Мои самые крупные и ценные вещи хранились, как я говорила, у Фаберже, но после переворота он попросил меня взять их к себе, так как он опасался обыска и конфискации драгоценностей у него в сейфах, что в действительности вскоре и произошло. Эти драгоценности вместе с вынесенными мною лично из дома я уложила в особый ящик установленного размера и сдала на хранение в Казенную ссудную казну на Фонтанке, № 74, и сама дала им оценку, умышленно уменьшив ее в сравнении с действительной их стоимостью, чтобы не платить крупную сумму за их хранение. Мне было тяжело в материальном отношении, и платить много я не могла. Директор Ссудной казны был крайне удивлен такой низкой оценке. “Ведь их тут на несколько миллионов”, – заметил он мне, когда я сдавала свои вещи. Я сохранила бумагу от Ссудной казны, по которой вынуть ящики кроме меня лично могла еще только моя сестра Юлия».
Теперь нужно было думать, как жить дальше. Опасаясь, что если найдут ее, найдут и сына, Матильда Феликсовна скрывала место своего пребывания даже от близких друзей. Тем не менее, в один из первых дней ее вынужденного скитания ее нашел только что назначенный комендантом Петропавловской крепости ее поклонник офицер Берс, он предложил ей и сыну пару комнат в крепости и полную охрану, от чего она, разумеется, тут же отказалась. Скрываясь у друзей в городе, она могла, по крайней мере, надеяться улизнуть в последний момент по черной лестнице, тогда как в крепости они бы оказались в ловушке.
В то время у власти находился Керенский, Кшесинская припомнила, что знакома с адвокатом Н.П. Карабчевским
[185], который знает Александра Федоровича лично. Когда-то после одного из ее представлений этот самый Карабчевский пал перед балериной на колени произнеся: «Убейте кого-нибудь, я буду вас защищать, и вас оправдают». Что же, она, конечно же, никого не убила, но советчик и друг ей был нужен как никогда прежде.

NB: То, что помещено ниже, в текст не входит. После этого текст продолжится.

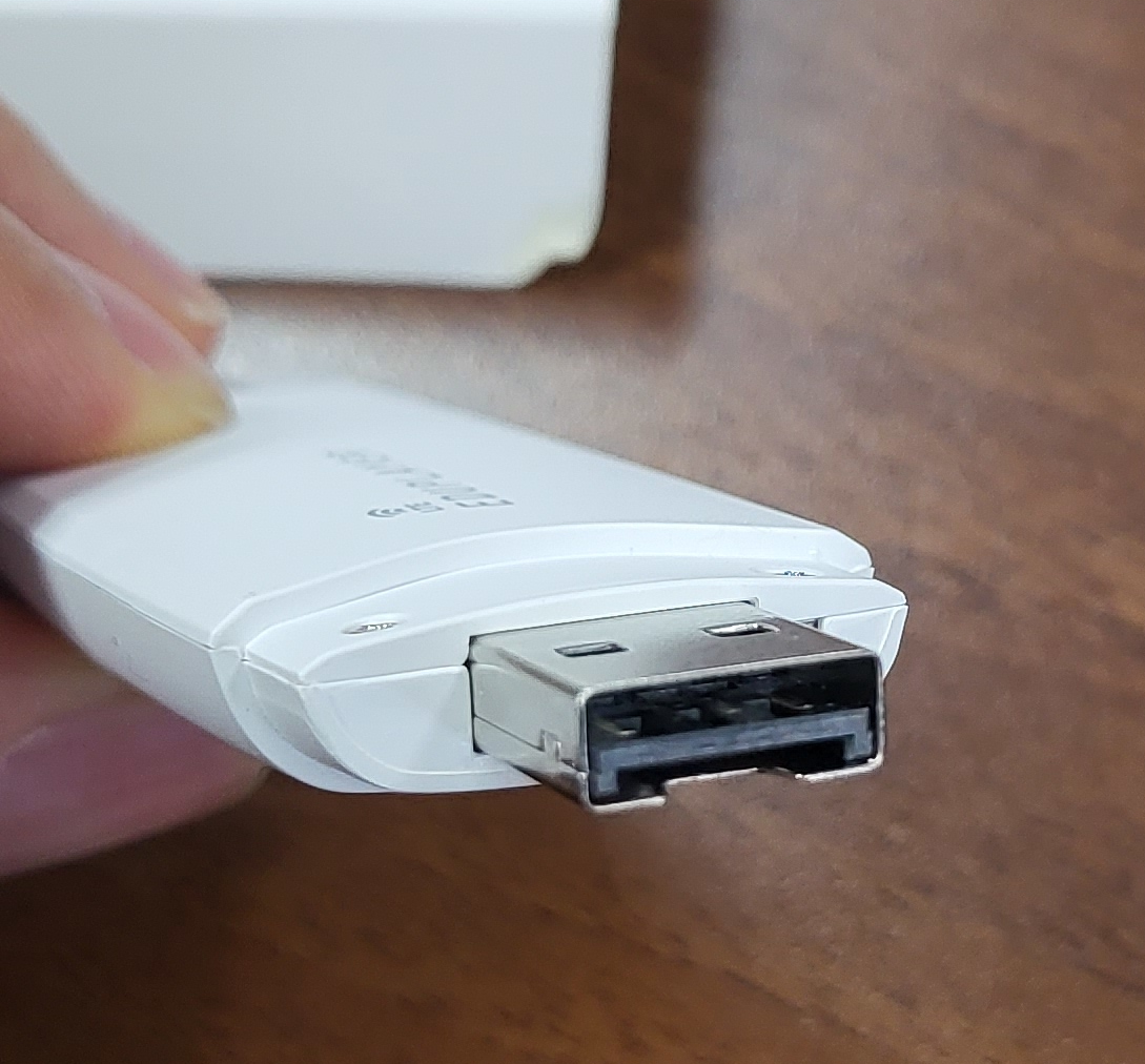 여튼 유심, 라우터 모두 준비가 되셨으면 라우터의 USB 단자쪽에 작은 구멍이 있는데 이곳이 나노 유심이 들어갈 자리입니다. 유심을 끼운 후 USB 연결을 해줍니다.

Но услышав по телефону фамилию Кшесинская, адвокат моментально отрекся от данного обещания, вяло сообщив, что за Матильду Кшесинскую он заступаться не станет, так как в свете последних событий считает это неудобным для себя.
Кшесинская повесила трубку. Впрочем, на счастье нашей героини, мир вокруг нее состоял не из одних только Карабчевских, и вскоре ее нашел издатель журнала «Столица и усадьба» Владимир Пименович Крымов
[186], который лично поехал к Керенскому просить за знаменитую балерину. Потом, как будто бы ниоткуда, появился только что назначенный Временным правительством генерал-губернатором Финляндии Михаил Александрович Стахович
[187], который также был готов оказать помощь. В частности – вывезти ее с сыном за границу. Еще один друг Викторов согласился посетить квартиру Юрьева и забрать саквояж с драгоценностями. Викторов был одет в военную форму, встретив недалеко от дома Юрьева незнакомого солдата попросил его помочь донести саквояж. Расчет был точен: на улице могли бы задержать барыню с поклажей, офицера, но только не простого солдата.

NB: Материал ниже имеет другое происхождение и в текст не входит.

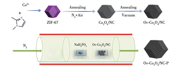 通过气相沉积法引入磷原子。将一定量(30、50、100 mg)的次磷酸钠和500 mg的Ov-Co3O4/NC分别放置在瓷舟的下游和上游,然后在N2保护下进行煅烧,以5 ℃·min的升温速率加热至300 ℃并保温120 min,待冷却至室温后取出瓷舟,根据次磷酸钠的加入量(30、50、100 mg)分别将产物命名为Ov-Co3O4/NC-P-30、Ov-Co3O4/NC-P-50、Ov-Co3O4/NC-P-100。制备流程如图 1所示。
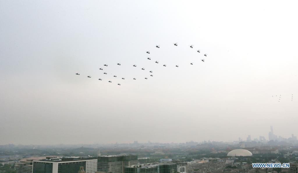 Military aircraft fly in echelons ahead of a grand gathering celebrating the Communist Party of China (CPC) centenary in Beijing, capital of China, July 1, 2021. (Xinhua/Li Mengjiao)
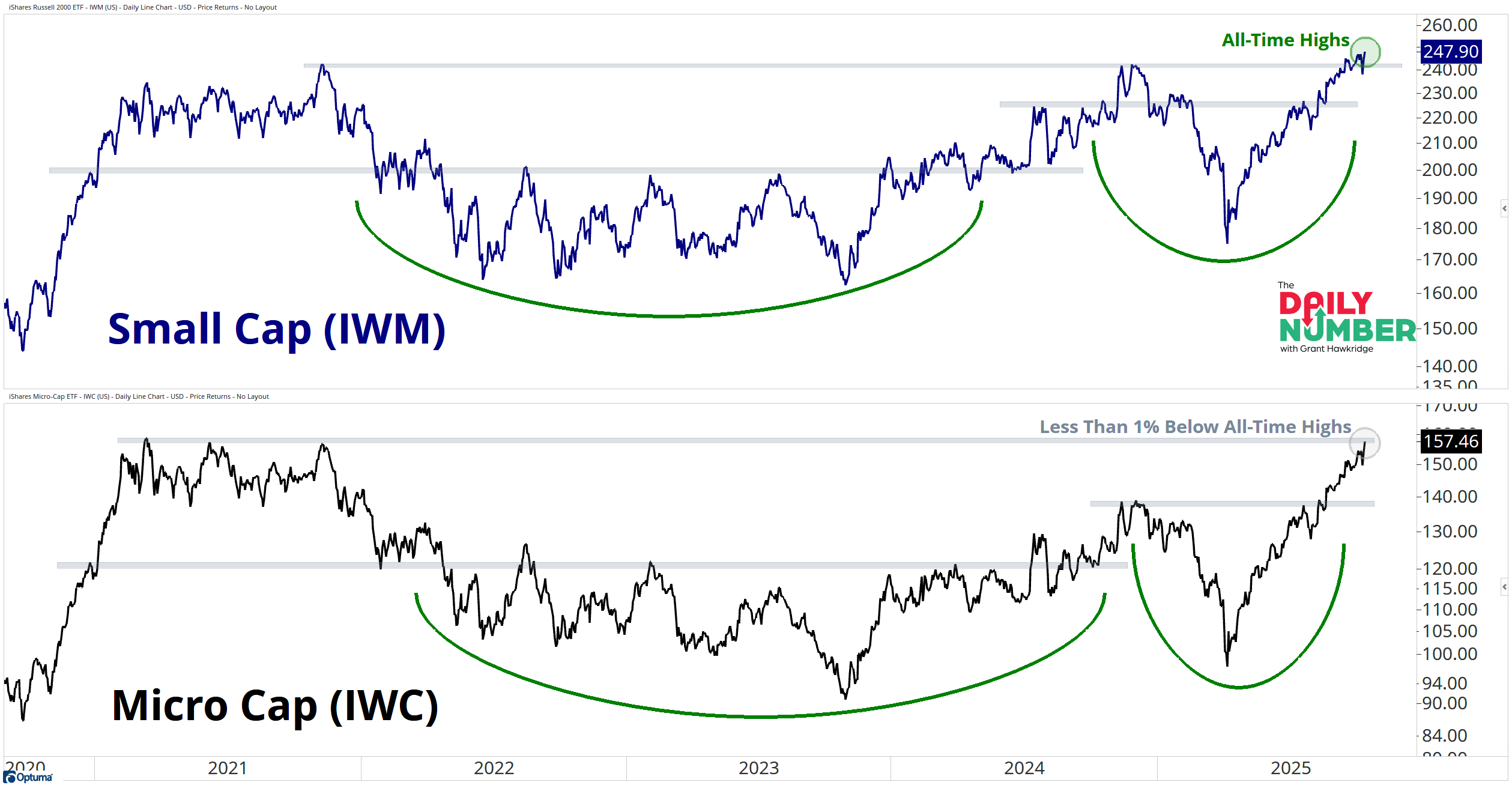 Despite a spike in volatility, two key corners of the equity market are moving together in strength. Small Caps are hitting fresh all-time highs, and Micro Caps are close behind.

Получив таким образом хоть что-то, Кшесинская расхрабрилась и посетила Таврический дворец, где рассчитывала переговорить относительно освобождения ее дома «от захватчиков». Сама она опасалась возвращаться туда, даже если бы ей это позволили, понимая, что если вдруг станут искать сына Андрея, скорее всего, первым делом сунутся в ее особняк.
Матильда Кшесинская в одной из комнат своего особняка на Кронверкском проспекте с фоксом Джиби и козочкой, принимавших участие в балете «Эмеральда». Санкт-Петербург. Фотограф – Яков Штейнберг. 1913 г.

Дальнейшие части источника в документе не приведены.